O OLHAR DOS ÍNDIOS

Por Ribamar Bessa Freire

– Atira! Atira! – lhe dizia o índio Parakanã, apontando a caça. O antropólogo Carlos Fausto, com a arma na mão, olhava na direção indicada e não via bulhufas. Só árvores.

– Ali, ali, naquele galho – suplicava em voz baixa o índio, sinalizando o alvo com o dedo.

– Onde? Onde? – perguntava o antropólogo, atônito. Via apenas uma mancha verde formada por um emaranhado de troncos, folhas, cipós, raízes, musgos, liquens, sombras, tudo da mesma cor, mas nem sinal do animal. O bicho, que para ele continuava invisível, aproveitou a hesitação e se escafedeu, sem nem ao menos declinar sua identidade ao ofuscado caçador.
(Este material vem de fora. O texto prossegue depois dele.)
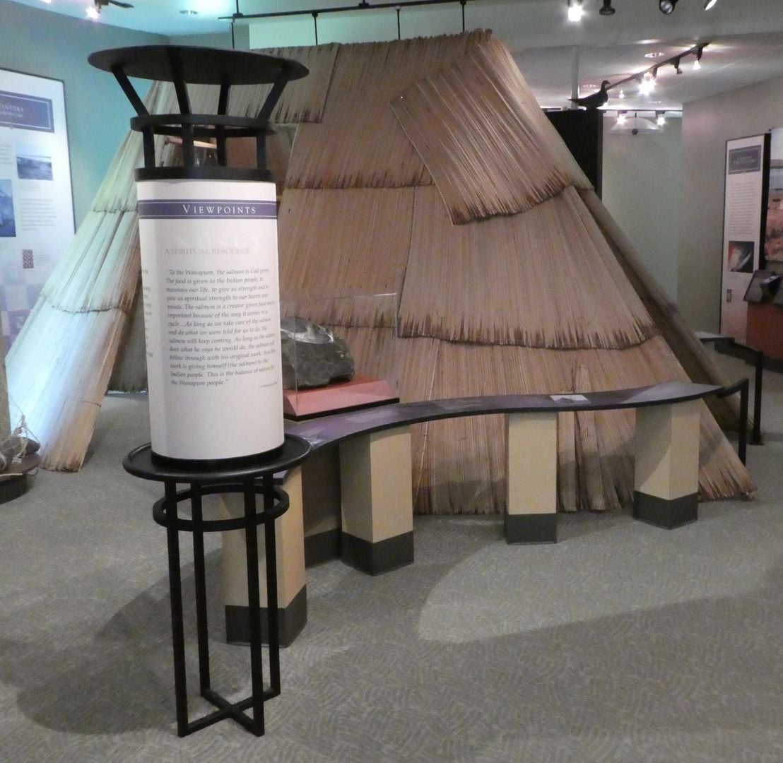 American Indian people have lived along the Columbia and Snake Rivers for thousands of years. The confluence of these two rivers served as a camping area, a trading center, and a fishing site. Today this is Washington’s Sacajawea State Park. One of the exhibits in the Sacajawea Museum in the park illustrates the Plateau longhouse.

Foi ali, naquele momento, que Carlos Fausto, sem disparar um tiro, acertou o que não viu, ao suspeitar que seus olhos estivessem incapacitados de ver, dentro da floresta, aquilo que os índios viam. Estávamos no final da década de 1980, ele começava seu mestrado em Antropologia Social com os índios Parakanã, orientado por Eduardo Viveiros de Castro e não era, ainda, capaz de ler a floresta.
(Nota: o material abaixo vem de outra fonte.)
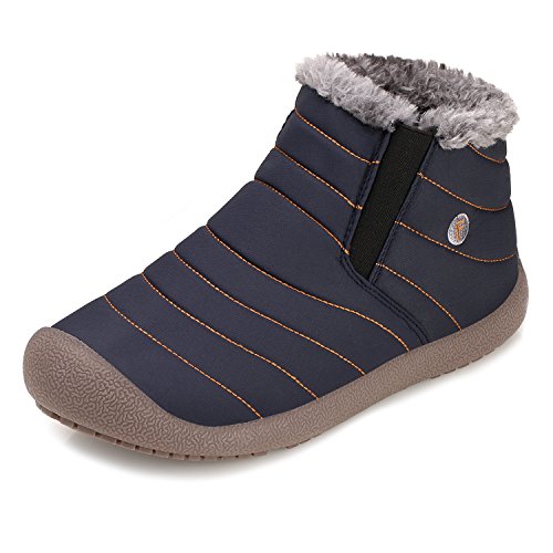 -. Feature : Waterproof Design - offer optimum waterproof protection provided by the best-in-class water-resistant vamp and sealant-equipped rubber sole , Specially designed toe cap for added protection, keeps your toes safe from the unexpected. / Thick Breathable Fully Fur Lining - Fully fur lined from top to insole. Fully fur lining and lightweight sole keeps your feet warm, perfect for playing in the snowfield, wet surfaces. / Skid-resistant Design - crafted with durable and rigid rubber sole of a non-slip solid grip ,they offer you a stable support when you are striding on any humid surfaces without the fear of dropping off. / Unique Hand Stitching - exquisite style is fully delivered by the trendy stripes on the upper and embroidered lettering. / Flexible Usage - Perfect to wear this waterproof lightweight slip-on booties in winter to run errands outdoor, like take the trash to the dump, get the mail and groceries, walk the dog, playing on the snow, hiking.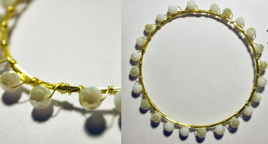 Step 5: Continue wrapping, until you have finished the whole frame. Your amount of beads and amount of wire will vary depending on what size you want your dreamcatcher. Mine is about 4.5″ in diameter. Cut the wire flush when you finish wrapping.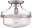 Die Deckenleuchte Penn Station vereint modernes Design mit robuster Bauweise. Sie verfügt über eine klare Glaskuppel, die an einer stabilen Halterung aus gebürstetem Nickel hängt. Mit einer Höhe von 26,7 cm und einer Breite sowie Länge von jeweils 33 cm ist sie ideal für verschiedene Wohnräume. Die Leuchte benötigt eine E27-Fassung und hat eine maximale Wattleistung von 60 W.

Essa história, com riquezas de detalhes, foi contada pelo próprio Carlos Fausto, pesquisador do Programa de Pós-Graduação de Antropologia Social do Museu Nacional. Ele lembrou o fato estimulado pela tese de Viviam Secin ‘Ortóptica, Oralidade e Letramento: a visão binocular dos indígenas Guarani Mbya da Aldeia Sapukai (RJ)’, orientada pelo linguista Luiz Antonio Gomes Senna, responsável por estudos sobre a gramática e o letramento numa perspectiva interdisciplinar e ecológica no Programa de Pós-Graduação em Educação da UERJ.

Os ceguetas

A tese da doutora Viviam Secin, que é ortoptista com mais de vinte anos de prática clínica em seu consultório no Rio de Janeiro, parte de duas situações exemplares vividas por sujeitos cuja demanda visual foi alterada por mudanças na rotina profissional ou no estilo de vida.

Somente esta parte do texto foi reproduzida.